Summary: The Caregiver Class Gap

Who Provides Care and At What Cost

By Syam Adusumilli · 2 min read
Executive Summary Read the full article.

Three daughters, each with a mother who needs full-time care. Catherine, a law partner earning $420,000, hires a home health aide for $68,000 a year. Her career advances. Her retirement accounts grow. Maria, a fourth-grade teacher, cannot afford home care that costs more than her salary. She took early retirement, moved into her mother’s house, lost her income, and stopped contributing to her pension. Denise works two jobs and provides care in the hours between shifts. Same love. Different options. Different futures.

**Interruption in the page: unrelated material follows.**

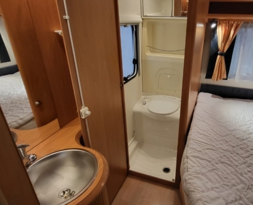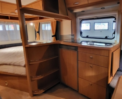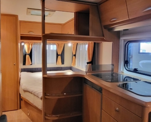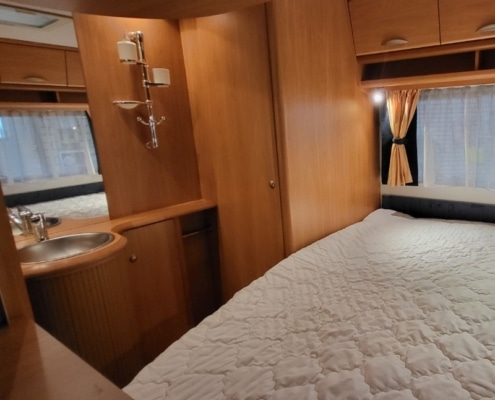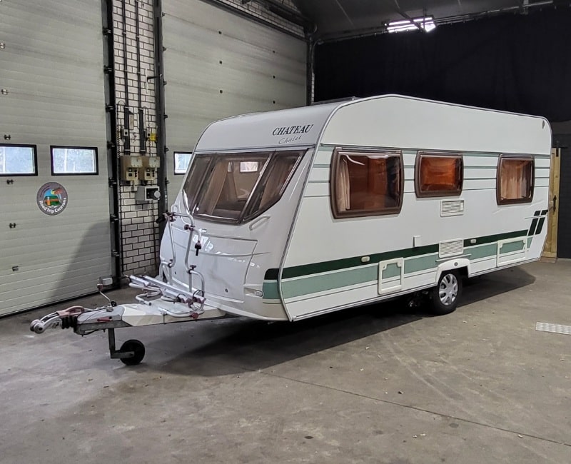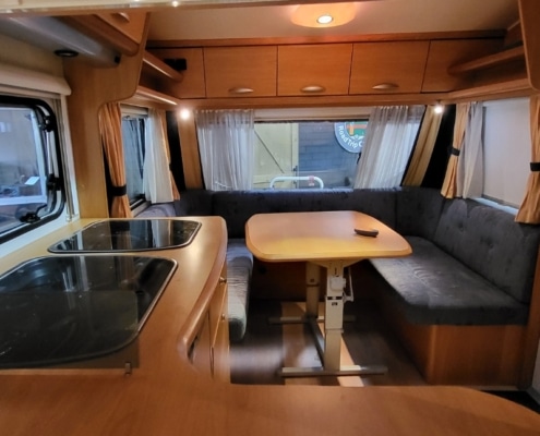 Chateau caravan met achterin een Frans bed en voorin een rondzit.

When someone needs care, the question is never whether it will be provided. The question is who provides it, under what conditions, and at what cost to their own life. Wealthy families hire help and remain intact. Middle-class families face a calculation that usually ends with one member, almost always female, reducing or leaving work. Poor families have no calculation to make: care happens in the margins, without resources, training, or respite.

The financial toll on family caregivers averages $522,000 in lifetime lost wages, Social Security benefits, and pension accumulation. The health toll is documented across hundreds of studies: depression in 40 to 70 percent, increased cardiovascular risk, impaired immune function, earlier death even after controlling for age and prior health. Approximately 53 million Americans provide unpaid care. Roughly 60 percent are women. The architecture of care in America is built on women’s labor, uncompensated and invisible.

AARP estimates the economic value of unpaid caregiving at approximately $600 billion per year, exceeding total spending on home health and nursing home care combined. This is not charity. It is subsidy. Families, disproportionately women and working-class, are subsidizing a system that refuses to pay for what it requires.

The United States provides almost nothing in return. FMLA allows 12 weeks of unpaid leave, useless for workers who cannot afford lost income. Germany provides caregiver allowances and pension credits. Japan funds professional home care through universal insurance. Sweden offers paid leave covering elder care.

The changes needed are not mysterious: federal paid family leave covering elder care, Social Security credits for caregiving years, expanded Medicaid home services, respite care programs. As long as caregiving is treated as a natural extension of family love rather than as labor, it will remain unpaid and invisible. Three daughters, same love, different futures. That is a policy choice.